-- Provided entries follows --

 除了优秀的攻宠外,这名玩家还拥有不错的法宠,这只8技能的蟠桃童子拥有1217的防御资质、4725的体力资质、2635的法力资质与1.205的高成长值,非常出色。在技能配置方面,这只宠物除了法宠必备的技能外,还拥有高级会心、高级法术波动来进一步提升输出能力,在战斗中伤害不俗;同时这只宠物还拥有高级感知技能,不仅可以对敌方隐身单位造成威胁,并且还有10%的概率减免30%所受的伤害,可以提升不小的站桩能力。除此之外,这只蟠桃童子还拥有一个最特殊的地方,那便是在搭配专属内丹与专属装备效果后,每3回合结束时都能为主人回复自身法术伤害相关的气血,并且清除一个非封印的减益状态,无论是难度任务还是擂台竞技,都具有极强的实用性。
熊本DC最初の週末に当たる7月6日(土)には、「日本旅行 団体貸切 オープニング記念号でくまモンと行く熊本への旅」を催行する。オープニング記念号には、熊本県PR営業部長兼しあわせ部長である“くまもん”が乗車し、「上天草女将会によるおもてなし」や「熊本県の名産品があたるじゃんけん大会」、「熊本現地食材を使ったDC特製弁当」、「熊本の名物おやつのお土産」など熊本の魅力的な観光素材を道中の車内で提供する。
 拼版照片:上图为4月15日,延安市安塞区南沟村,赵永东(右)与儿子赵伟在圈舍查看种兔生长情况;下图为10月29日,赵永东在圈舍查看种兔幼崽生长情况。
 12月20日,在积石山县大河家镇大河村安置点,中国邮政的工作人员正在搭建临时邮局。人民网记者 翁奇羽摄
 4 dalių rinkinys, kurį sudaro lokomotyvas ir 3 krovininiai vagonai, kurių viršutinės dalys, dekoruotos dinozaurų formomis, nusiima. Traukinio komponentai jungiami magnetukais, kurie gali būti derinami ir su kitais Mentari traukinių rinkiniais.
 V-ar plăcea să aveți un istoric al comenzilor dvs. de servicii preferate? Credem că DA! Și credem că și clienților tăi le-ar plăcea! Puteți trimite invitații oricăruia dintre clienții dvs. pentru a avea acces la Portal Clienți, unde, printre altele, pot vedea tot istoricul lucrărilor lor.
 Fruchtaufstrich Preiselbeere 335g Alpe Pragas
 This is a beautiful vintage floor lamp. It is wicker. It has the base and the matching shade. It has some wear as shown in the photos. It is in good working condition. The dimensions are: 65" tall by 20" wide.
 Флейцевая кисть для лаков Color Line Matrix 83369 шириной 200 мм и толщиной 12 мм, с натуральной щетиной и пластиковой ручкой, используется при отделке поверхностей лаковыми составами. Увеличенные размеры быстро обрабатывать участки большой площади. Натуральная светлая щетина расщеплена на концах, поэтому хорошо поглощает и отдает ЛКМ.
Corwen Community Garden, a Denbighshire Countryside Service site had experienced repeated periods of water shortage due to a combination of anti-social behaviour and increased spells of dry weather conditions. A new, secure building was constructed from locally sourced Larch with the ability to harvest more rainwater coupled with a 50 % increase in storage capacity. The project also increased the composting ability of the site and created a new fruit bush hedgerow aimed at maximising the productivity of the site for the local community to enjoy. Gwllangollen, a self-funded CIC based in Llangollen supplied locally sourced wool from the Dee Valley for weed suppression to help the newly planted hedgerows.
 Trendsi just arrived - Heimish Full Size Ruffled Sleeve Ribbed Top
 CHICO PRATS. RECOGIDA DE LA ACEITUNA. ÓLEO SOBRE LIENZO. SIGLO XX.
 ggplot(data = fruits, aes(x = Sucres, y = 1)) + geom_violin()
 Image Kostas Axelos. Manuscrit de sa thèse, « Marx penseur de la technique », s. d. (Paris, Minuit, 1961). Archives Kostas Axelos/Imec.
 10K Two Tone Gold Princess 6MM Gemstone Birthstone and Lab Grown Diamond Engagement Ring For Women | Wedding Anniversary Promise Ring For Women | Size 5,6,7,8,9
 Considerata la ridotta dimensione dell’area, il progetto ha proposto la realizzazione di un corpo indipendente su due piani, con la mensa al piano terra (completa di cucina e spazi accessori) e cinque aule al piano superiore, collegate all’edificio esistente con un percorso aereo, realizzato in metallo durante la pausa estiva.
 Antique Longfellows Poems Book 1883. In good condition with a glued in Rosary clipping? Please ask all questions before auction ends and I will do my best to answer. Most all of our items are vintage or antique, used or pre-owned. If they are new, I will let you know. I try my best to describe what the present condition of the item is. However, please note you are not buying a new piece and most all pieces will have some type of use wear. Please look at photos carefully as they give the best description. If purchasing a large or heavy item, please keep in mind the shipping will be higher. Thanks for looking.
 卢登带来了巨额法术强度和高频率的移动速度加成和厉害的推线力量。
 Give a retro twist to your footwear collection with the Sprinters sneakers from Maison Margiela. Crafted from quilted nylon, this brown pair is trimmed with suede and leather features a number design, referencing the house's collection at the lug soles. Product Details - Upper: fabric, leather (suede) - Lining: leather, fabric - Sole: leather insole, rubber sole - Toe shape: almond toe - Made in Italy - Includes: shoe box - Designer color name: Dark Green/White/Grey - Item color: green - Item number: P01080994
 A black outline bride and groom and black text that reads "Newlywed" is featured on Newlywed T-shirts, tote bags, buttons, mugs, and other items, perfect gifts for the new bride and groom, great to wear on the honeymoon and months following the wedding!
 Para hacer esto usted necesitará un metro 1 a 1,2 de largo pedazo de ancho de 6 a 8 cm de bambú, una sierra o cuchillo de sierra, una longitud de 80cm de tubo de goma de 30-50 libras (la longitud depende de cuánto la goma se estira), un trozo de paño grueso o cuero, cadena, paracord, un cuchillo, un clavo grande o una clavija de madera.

-- Provided entries concluded --

Each record has to be given again exactly as written.

Solution for this problem
 除了优秀的攻宠外,这名玩家还拥有不错的法宠,这只8技能的蟠桃童子拥有1217的防御资质、4725的体力资质、2635的法力资质与1.205的高成长值,非常出色。在技能配置方面,这只宠物除了法宠必备的技能外,还拥有高级会心、高级法术波动来进一步提升输出能力,在战斗中伤害不俗;同时这只宠物还拥有高级感知技能,不仅可以对敌方隐身单位造成威胁,并且还有10%的概率减免30%所受的伤害,可以提升不小的站桩能力。除此之外,这只蟠桃童子还拥有一个最特殊的地方,那便是在搭配专属内丹与专属装备效果后,每3回合结束时都能为主人回复自身法术伤害相关的气血,并且清除一个非封印的减益状态,无论是难度任务还是擂台竞技,都具有极强的实用性。
熊本DC最初の週末に当たる7月6日(土)には、「日本旅行 団体貸切 オープニング記念号でくまモンと行く熊本への旅」を催行する。オープニング記念号には、熊本県PR営業部長兼しあわせ部長である“くまもん”が乗車し、「上天草女将会によるおもてなし」や「熊本県の名産品があたるじゃんけん大会」、「熊本現地食材を使ったDC特製弁当」、「熊本の名物おやつのお土産」など熊本の魅力的な観光素材を道中の車内で提供する。
 拼版照片:上图为4月15日,延安市安塞区南沟村,赵永东(右)与儿子赵伟在圈舍查看种兔生长情况;下图为10月29日,赵永东在圈舍查看种兔幼崽生长情况。
 12月20日,在积石山县大河家镇大河村安置点,中国邮政的工作人员正在搭建临时邮局。人民网记者 翁奇羽摄
 4 dalių rinkinys, kurį sudaro lokomotyvas ir 3 krovininiai vagonai, kurių viršutinės dalys, dekoruotos dinozaurų formomis, nusiima. Traukinio komponentai jungiami magnetukais, kurie gali būti derinami ir su kitais Mentari traukinių rinkiniais.
 V-ar plăcea să aveți un istoric al comenzilor dvs. de servicii preferate? Credem că DA! Și credem că și clienților tăi le-ar plăcea! Puteți trimite invitații oricăruia dintre clienții dvs. pentru a avea acces la Portal Clienți, unde, printre altele, pot vedea tot istoricul lucrărilor lor.
 Fruchtaufstrich Preiselbeere 335g Alpe Pragas
 This is a beautiful vintage floor lamp. It is wicker. It has the base and the matching shade. It has some wear as shown in the photos. It is in good working condition. The dimensions are: 65" tall by 20" wide.
 Флейцевая кисть для лаков Color Line Matrix 83369 шириной 200 мм и толщиной 12 мм, с натуральной щетиной и пластиковой ручкой, используется при отделке поверхностей лаковыми составами. Увеличенные размеры быстро обрабатывать участки большой площади. Натуральная светлая щетина расщеплена на концах, поэтому хорошо поглощает и отдает ЛКМ.
Corwen Community Garden, a Denbighshire Countryside Service site had experienced repeated periods of water shortage due to a combination of anti-social behaviour and increased spells of dry weather conditions. A new, secure building was constructed from locally sourced Larch with the ability to harvest more rainwater coupled with a 50 % increase in storage capacity. The project also increased the composting ability of the site and created a new fruit bush hedgerow aimed at maximising the productivity of the site for the local community to enjoy. Gwllangollen, a self-funded CIC based in Llangollen supplied locally sourced wool from the Dee Valley for weed suppression to help the newly planted hedgerows.
 Trendsi just arrived - Heimish Full Size Ruffled Sleeve Ribbed Top
 CHICO PRATS. RECOGIDA DE LA ACEITUNA. ÓLEO SOBRE LIENZO. SIGLO XX.
 ggplot(data = fruits, aes(x = Sucres, y = 1)) + geom_violin()
 Image Kostas Axelos. Manuscrit de sa thèse, « Marx penseur de la technique », s. d. (Paris, Minuit, 1961). Archives Kostas Axelos/Imec.
 10K Two Tone Gold Princess 6MM Gemstone Birthstone and Lab Grown Diamond Engagement Ring For Women | Wedding Anniversary Promise Ring For Women | Size 5,6,7,8,9
 Considerata la ridotta dimensione dell’area, il progetto ha proposto la realizzazione di un corpo indipendente su due piani, con la mensa al piano terra (completa di cucina e spazi accessori) e cinque aule al piano superiore, collegate all’edificio esistente con un percorso aereo, realizzato in metallo durante la pausa estiva.
 Antique Longfellows Poems Book 1883. In good condition with a glued in Rosary clipping? Please ask all questions before auction ends and I will do my best to answer. Most all of our items are vintage or antique, used or pre-owned. If they are new, I will let you know. I try my best to describe what the present condition of the item is. However, please note you are not buying a new piece and most all pieces will have some type of use wear. Please look at photos carefully as they give the best description. If purchasing a large or heavy item, please keep in mind the shipping will be higher. Thanks for looking.
 卢登带来了巨额法术强度和高频率的移动速度加成和厉害的推线力量。
 Give a retro twist to your footwear collection with the Sprinters sneakers from Maison Margiela. Crafted from quilted nylon, this brown pair is trimmed with suede and leather features a number design, referencing the house's collection at the lug soles. Product Details - Upper: fabric, leather (suede) - Lining: leather, fabric - Sole: leather insole, rubber sole - Toe shape: almond toe - Made in Italy - Includes: shoe box - Designer color name: Dark Green/White/Grey - Item color: green - Item number: P01080994
 A black outline bride and groom and black text that reads "Newlywed" is featured on Newlywed T-shirts, tote bags, buttons, mugs, and other items, perfect gifts for the new bride and groom, great to wear on the honeymoon and months following the wedding!
 Para hacer esto usted necesitará un metro 1 a 1,2 de largo pedazo de ancho de 6 a 8 cm de bambú, una sierra o cuchillo de sierra, una longitud de 80cm de tubo de goma de 30-50 libras (la longitud depende de cuánto la goma se estira), un trozo de paño grueso o cuero, cadena, paracord, un cuchillo, un clavo grande o una clavija de madera.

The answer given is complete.